Paul de Grauwe insistait dernièrement sur le fait que la Grèce dispose d’une dette publique soutenable : compte tenu des différentes restructurations de dette déjà réalisées, le ratio de dette publique sur PIB de 180 % serait aujourd’hui de plus ou moins… 90 % en valeur actualisée, c’est-à-dire après avoir comptabilisé les paiements futurs d’intérêts et les remboursements prévus, dont certains à un horizon très éloigné[1].

Les économistes, comme Paul de Grauwe ici, utilisent la contrainte budgétaire intertemporelle de l’Etat pour appréhender la soutenabilité de la dette publique. Plutôt que sous une forme rétrospective, la dette publique peut être analysée sous une forme prospective. Si la dette de l’année suivante dépend de la dette présente, par effet de symétrie, la dette présente dépend de la dette de l’année suivante. Or cette dette de l’année suivante va dépendre de la dette de l’année d’après, par itération. In fine, la dette présente dépend de la dette de l’année suivante, et ainsi de suite jusqu’à la fin des temps : elle dépend donc des dettes futures. Or, ces dettes futures dépendent des déficits publics eux aussi futurs. La contrainte budgétaire intertemporelle exprime donc le fait que la dette publique présente est égale à la séquence des déficits publics futurs et à la dette finale (celle de la fin des temps), le tout exprimé en valeurs actualisées.

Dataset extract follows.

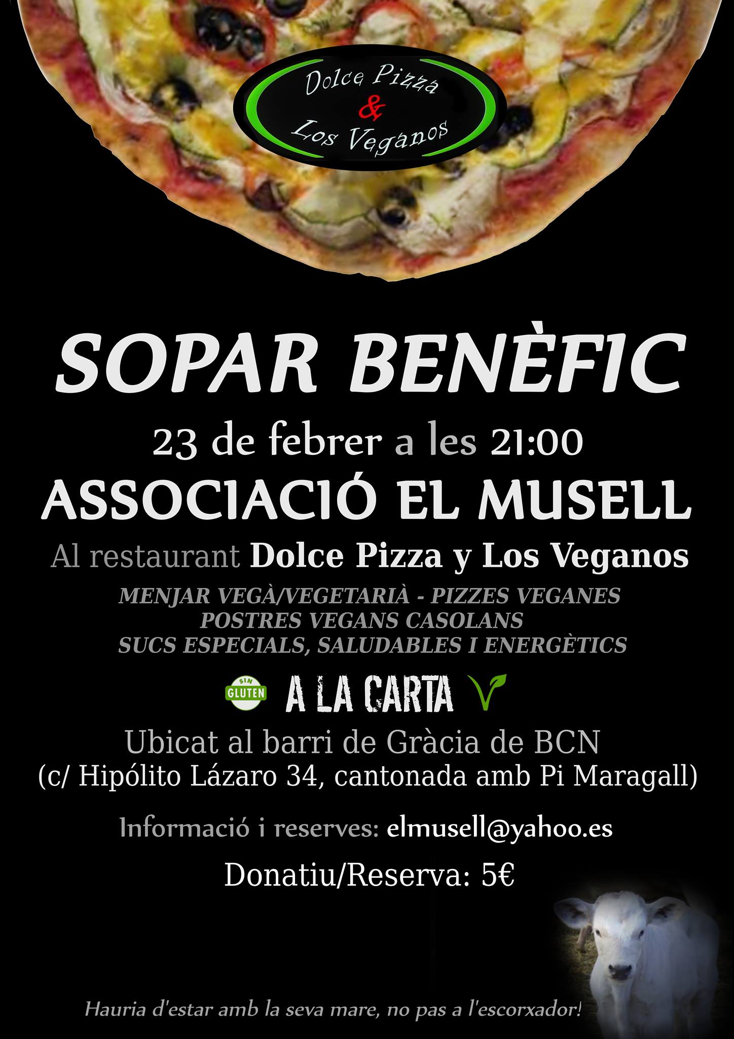 El sopar es realitzarà al Restaurant Dolce Pizza y Los Veganos ubicat al barri de Gràcia de BCN. Per poder assistir s’ha de reservar assistència enviant un correu a elmusell@yahoo.es i presentant un donatiu de 5 €.

Contrairement aux entreprises et aux ménages, l’Etat est supposé disposer d’un horizon infini qui rend possible la mise à zéro de la valeur actualisée de la dette de « fin des temps ». On dira alors que la dette publique présente est soutenable si les gouvernements futurs prévoient des excédents publics suffisants pour rembourser cette dette. Cela est possible après des périodes de déficits publics élevés, pourvu que ces périodes soient suivies d’autres au cours desquelles les gouvernements accumulent des excédents budgétaires. Compte tenu de l’allongement de la maturité des dettes grecques et de la faiblesse des paiements futurs d’intérêts, l’excédent budgétaire requis pour rembourser la dette présente est faible. Paul de Grauwe en conclut que la Grèce est soumise à une crise de liquidité plutôt qu’à une crise de défaut souverain. Il conviendrait donc, toujours selon Paul de Grauwe, d’ajuster les plans d’austérité budgétaire et les réformes à entreprendre au niveau effectif de dette publique, sensiblement plus faible que celui qui sert de base aux négociations entre l’Etat grec et les « institutions » (BCE, Commission, FMI). Dit autrement, les « institutions » pourraient desserrer leur étreinte.

Le « cas grec » peut donc être relativisé et le divorce différé : l’addiction de Sue Ellen est moins exceptionnelle qu’il y paraît de prime abord.

 


[1] Après 2015 et 2019, qui impliqueront des remboursements substantiels de la part de l’Etat grec, les années « difficiles » se situeront ensuite au-delà de 2035 (voir le profil d’amortissement de la dette grecque dans Antonin et al. , 2015).